A few days ago I watched my teenage daughter carve a pumpkin while I was making dinner.
I was cutting up a turnip, not something that I buy a lot as I find them hard to peel. Indeed, a chef friend once told me that nothing ruins a knife like a turnip.
I couldn’t help but think about how much easier the pumpkin is to carve than the turnip Jack O’Lanterns that people made in Donegal years ago.
One of my own earliest memories of Halloween is of watching my father hollow out and carve a turnip with his pocket knife before putting a candle into it and hanging it up. I am still in awe of his patience. As I said, turnips are not the easiest thing to work with!
My late mother loved Halloween, and we went all out to celebrate it. Not by today’s standards of course, but certainly against the backdrop of the late seventies and early eighties, Halloween was a big deal in our house.
Games included apple bobbing and hanging apples from a string and trying to catch them with our teeth.
We would usually have nice apples at this time of year, maybe a bag of russet apples bought from Foodland supermarket, or a bag of delicious Armagh apples from the roadside vendors that brought the Orchard County’s delicious fruit around the country every autumn.
The cooking apples from our own trees would be used to make delicious apple tarts, with ‘silver’ coins concealed inside - a real treat for those lucky enough to find them; though in hindsight, I realise that they were carefully placed amidst the fruit in such a way that everyone got a coin.
Hazelnuts would be gathered from nearby trees, most of them picked up from where they had fallen on the ground, bringing the rich smell of leaf litter and autumnal forests into the house.
The only things I remember us buying from the shops were the barm brack, a bag of monkey nuts and masks which we referred to as ‘false faces.’
By the time I first heard the term ‘trick or treat’ I was coming towards the end of primary school.
Someone explained the concept to me - you called to people’s houses and if they didn’t give you a treat, you played a trick on them. I remember getting dressed up in the most fashionable Halloween costume of the 1980s, the bin bag, and heading out with a few friends.
I was quite worried about the idea of playing a mean trick on someone just because they didn’t give you sweets but fortunately that didn’t happen and my one and only trick or treating experience was a success.
This time of year has long been associated with the dead, and with superstitions relating to the Otherworld. In countries such as Mexico this is taken to a whole other level with the Day of the Dead festivities. Here in Ireland too, the dead are celebrated at All Soul’s Day, giving us another example of where pre-Christian festivals and traditions have blended relatively seamlessly with Christian feast days.
The tradition of telling ghost stories is very much tied to those traditions, with the older children in the area taking great pleasure in scaring the bejesus out of the younger ones.
Nowadays, ghost stories are still popular, though they are more likely to take the form of Halloween being celebrated with a horror movie night.
Modern technology has added to the celebrations in other ways too. In my family, we start playing our Halloween Spotify playlist once we are into October, and it gets added to every year.
Spooky lights, automated toys, light up broomsticks, and a whole range of other gizmos and gadgets are widely available and all add to the fun.

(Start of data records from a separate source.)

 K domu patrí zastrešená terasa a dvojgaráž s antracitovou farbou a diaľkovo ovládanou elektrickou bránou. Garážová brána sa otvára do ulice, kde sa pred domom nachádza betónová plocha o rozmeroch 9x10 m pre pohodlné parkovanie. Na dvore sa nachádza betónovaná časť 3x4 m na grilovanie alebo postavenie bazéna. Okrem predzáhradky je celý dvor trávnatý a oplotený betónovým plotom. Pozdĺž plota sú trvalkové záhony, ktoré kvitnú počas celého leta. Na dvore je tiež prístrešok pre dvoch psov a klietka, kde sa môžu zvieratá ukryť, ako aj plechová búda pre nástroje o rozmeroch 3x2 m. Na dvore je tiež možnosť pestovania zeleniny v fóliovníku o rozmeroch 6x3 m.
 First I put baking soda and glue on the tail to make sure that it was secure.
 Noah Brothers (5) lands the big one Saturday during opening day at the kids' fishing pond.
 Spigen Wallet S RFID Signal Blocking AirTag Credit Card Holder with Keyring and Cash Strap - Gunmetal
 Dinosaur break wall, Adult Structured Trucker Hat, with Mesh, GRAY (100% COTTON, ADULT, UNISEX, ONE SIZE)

Shops go all out with their Halloween decorations, to great effect. I remember when one of my girls was small she became very frightened going past a particular shop in Donegal Town, asking me if I had seen the ‘scary lady’ in the window. I went back to take a look and discovered a very lifelike witch on her broom.
Before Covid, the shops were packed with Halloween costumes in all shapes and sizes from early September. You could find a costume for pretty much anything, and any number of accessories to go along with it.

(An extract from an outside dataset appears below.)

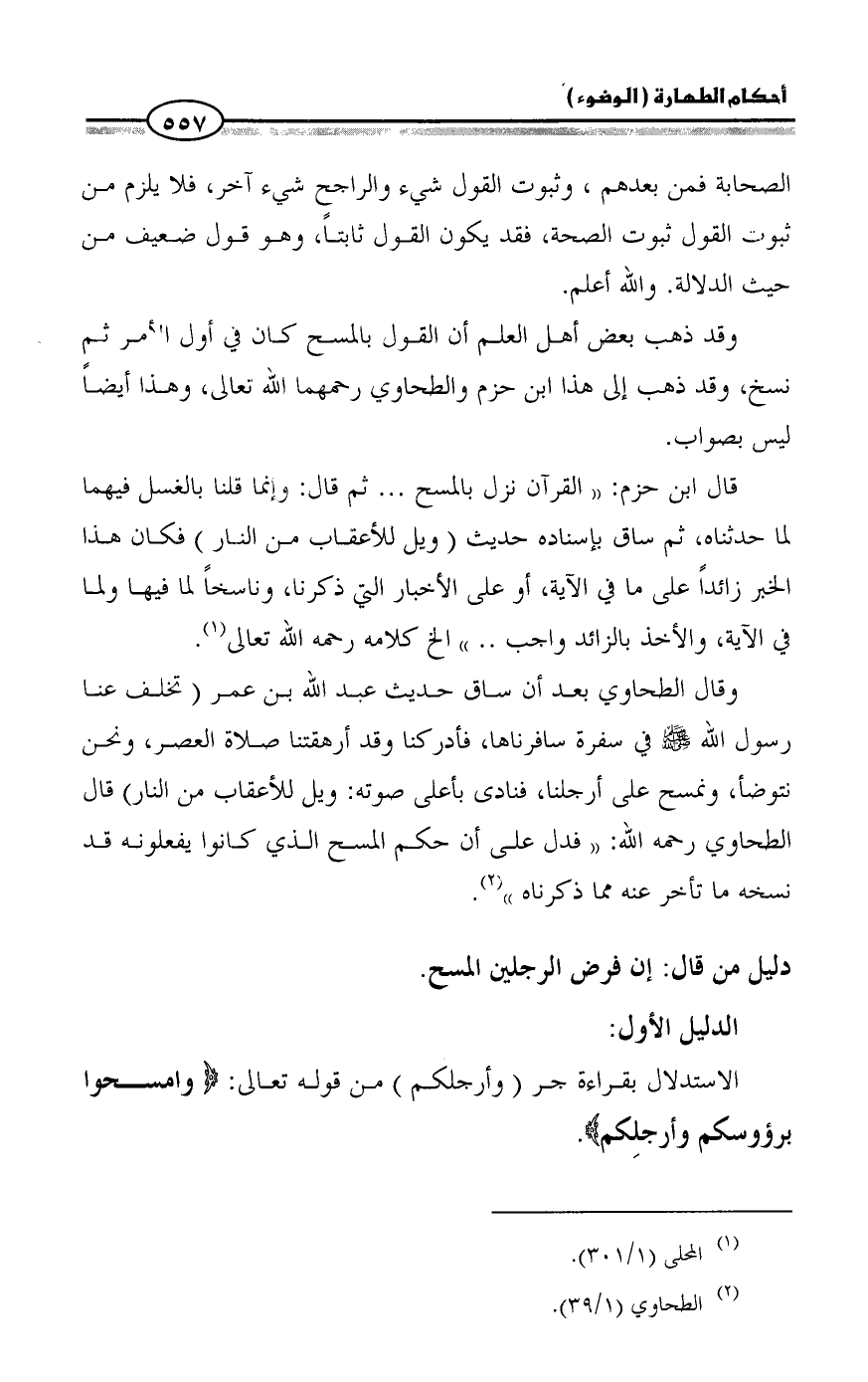 وقال الطحاوي بعد أن ساق حديث عبد الله بن عمر (تخلف عنا رسول الله - صلى الله عليه وسلم - في سفرة سافرناها، فأدركنا وقد أرهقتنا صلاة العصر، ونحن نتوضأ، ونمسح على أرجلنا، فنادى بأعلى صوته: ويل للأعقاب من النار) قال الطحاوي رحمه الله: «فدل على أن حكم المسح الذي كانوا يفعلونه قد نسخه ما تأخر عنه مما ذكرناه» (¬2).

The shops would also be packed with sweets and treats in ghoulish colours and Halloween packaging.
Like so much else in life, the pandemic brought that to a halt, and last Halloween saw us return to a less commercial type of celebration. Having fun with home bakes and bringing out our creativity to come up with our own costumes was a welcome change from all the spending and waste.
We can still enjoy some of the modern benefits, such as carving pumpkins instead of turnips, or playing our Halloween music loudly in the car! But it has been nice to rekindle our creativity and to put our own personality into our costumes and decorations.
Whatever way you choose to celebrate it, Happy Halloween.